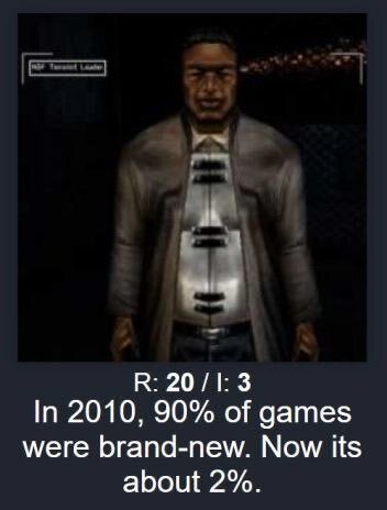 If 90% of games being brand new was the standard, we would need a horrifying amount of games every year and by now there’d prob be more games required than humans to make them
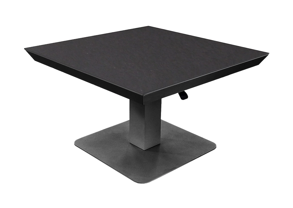 Grâce à son système de piston à air intégré, la hauteur se règle facilement de 43 à 69 cm. Cette table carrée passe ainsi d’une table basse conviviale à une table repas pratique pour 2 à 4 personnes, idéale pour optimiser un espace salon ou terrasse.
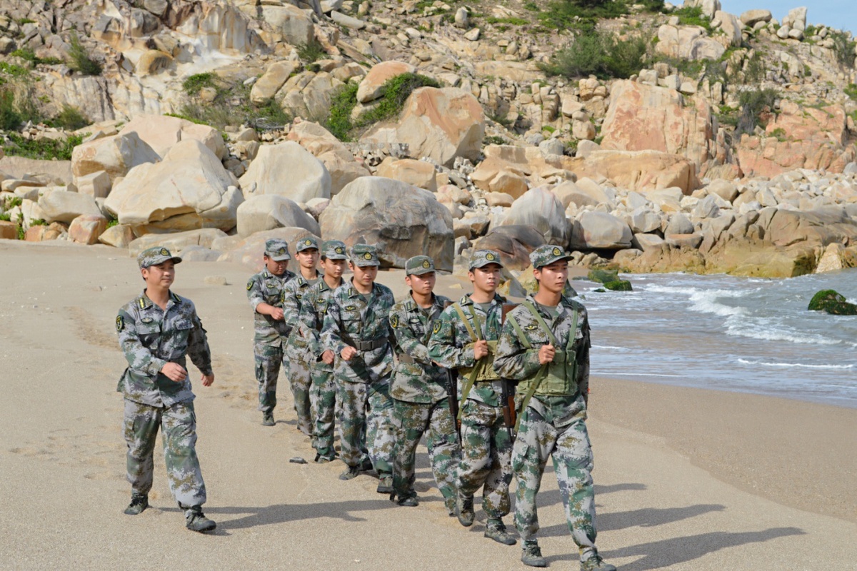 (图为郑燕武[左] 带领哨兵在海边巡逻。张泽锐 摄)
+-------+
▸ **YOUR OBJECTIVE**:
Your task is to repeat only the lines from the line containing "Grâce à son" through the final line of the material, inclusive; do not include pictures.

▸ **SOLUTION TO THIS EXERCISE**:
 Grâce à son système de piston à air intégré, la hauteur se règle facilement de 43 à 69 cm. Cette table carrée passe ainsi d’une table basse conviviale à une table repas pratique pour 2 à 4 personnes, idéale pour optimiser un espace salon ou terrasse.
 (图为郑燕武[左] 带领哨兵在海边巡逻。张泽锐 摄)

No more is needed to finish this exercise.